Source: AWS: Redis (Cluster Mode Disabled) vs. Redis (Cluster Mode Enabled)
Features
Geospatial on Amazon ElastiCache for Redis
Amazon ElastiCache for Redis offers purpose-built in-memory data structures and operators to manage real-time geospatial data at scale and speed. You can use ElastiCache for Redis to add location-based features such as drive time, drive distance, and points of interests to your applications. Learn how to build a geospatial application with ElastiCache for Redis.
Example of how to store geospatial information
const redis = require('redis');
// first, we connect to our Redis cluster
var client = redis.createClient({
host: ELASTICACHE_HOST,
port: ELASTICACHE_PORT
});
// next, we can store the user's most recent location
client.send_command('GEOADD',
[ 'public-bikes:stations',
latitude,
longitude,
stationId ], (error, reply) => {
client.quit();
if (error) { ... }
else { ... }
});
Source: Amazon ElastiCache for Redis
Use ElastiCache to maintain user sessions
Q: An IT company uses a blue/green deployment policy to provision new Amazon EC2 instances in an Auto Scaling group behind a new Application Load Balancer for each new application version. The current set up requires the users to log in after every new deployment. What will you do to solve the issue?
A: To address scalability and to provide a shared data storage for sessions, using ElastiCache can be accessed from any individual web server, you can abstract the HTTP sessions from the web servers themselves. (The benefit to decouple the caching part.)

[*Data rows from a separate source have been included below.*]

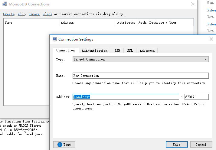 点击create,输入mongodb的地址及端口,我们连接本机的27017
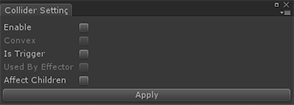 - Affect Children – Enable or disable the properties of the colliders of the childs from the selected gameobject.
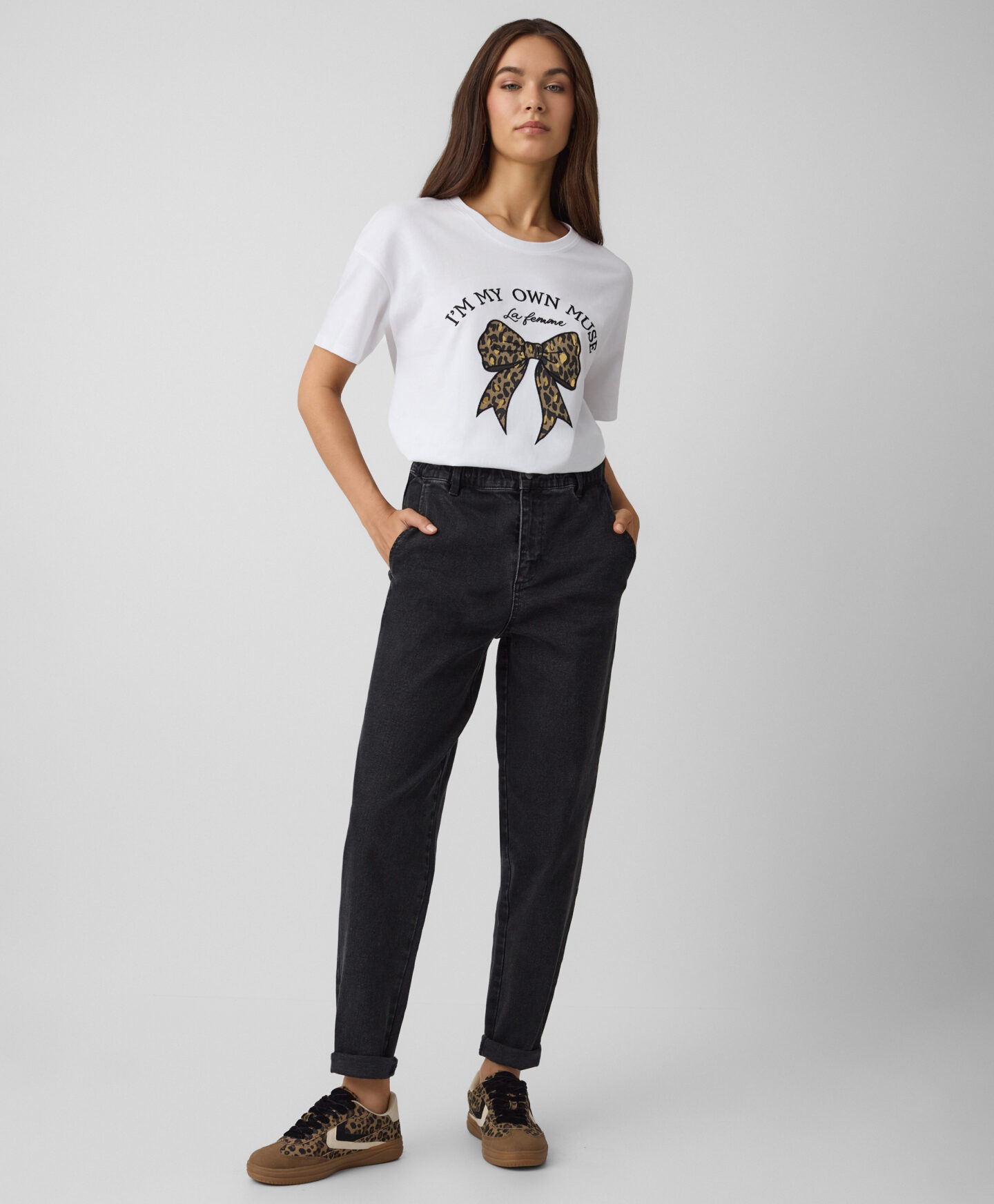 Το γυναικείο τζιν παντελόνι είναι η ιδανική επιλογή για το γραφείο και τον ελεύθερο χρόνο. Πλούσιο σε βαμβάκι, είναι άνετο και ταιριάζει υπέροχα με ένα κλασικό λευκό t-shirt ή ένα κοντό πουλόβερ.

Source: AWS: Session Management
As the Application Load Balancer itself is replaced on each new deployment, so maintaining sticky sessions via the Application Load Balancer will not work.
Redis VS Memcached
Amazon ElastiCache supports both Memcached and Redis as in-memory caching engines. Each has its own use cases and reasons for implementation:
Memcached:
- Use Cases: Memcached is ideal for use cases that require simple and fast caching of frequently accessed data. It's suited for scenarios where data does not need to be persisted long-term, and cache eviction can be managed based on Least Recently Used (LRU) principles.
- Reasons: Memcached offers high-speed, low-latency caching, making it well-suited for applications that require rapid data retrieval, such as session caching, real-time analytics, and temporary data storage.
Redis:
- Use Cases: Redis is versatile and suits a wide range of use cases, including caching, real-time analytics, session management, and more. Its advanced features, like data persistence, data structures, and publish/subscribe capabilities, make it suitable for more complex caching needs and scenarios requiring data manipulation.

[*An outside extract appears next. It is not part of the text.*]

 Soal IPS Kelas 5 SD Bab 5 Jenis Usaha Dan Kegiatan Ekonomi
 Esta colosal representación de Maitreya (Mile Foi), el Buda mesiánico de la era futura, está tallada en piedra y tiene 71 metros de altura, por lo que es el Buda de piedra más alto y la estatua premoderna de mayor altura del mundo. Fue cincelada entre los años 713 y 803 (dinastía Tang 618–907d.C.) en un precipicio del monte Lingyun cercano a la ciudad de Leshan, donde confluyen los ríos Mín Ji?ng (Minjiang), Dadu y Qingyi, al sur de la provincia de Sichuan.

- Reasons: Redis provides richer data types, supports more advanced caching strategies, and can be used for both caching and as a data store. Its persistence options, including snapshots and AOF (Append-Only File), enable data durability and recovery, making it a choice for applications that need both caching and data persistence.
- Highlights
- Multi-AZ failover
In summary, choose Memcached for straightforward(simplest model), high-speed caching where data persistence is not a primary concern, and select Redis when you need a more versatile caching solution with advanced data structures, persistence options, and additional features beyond caching.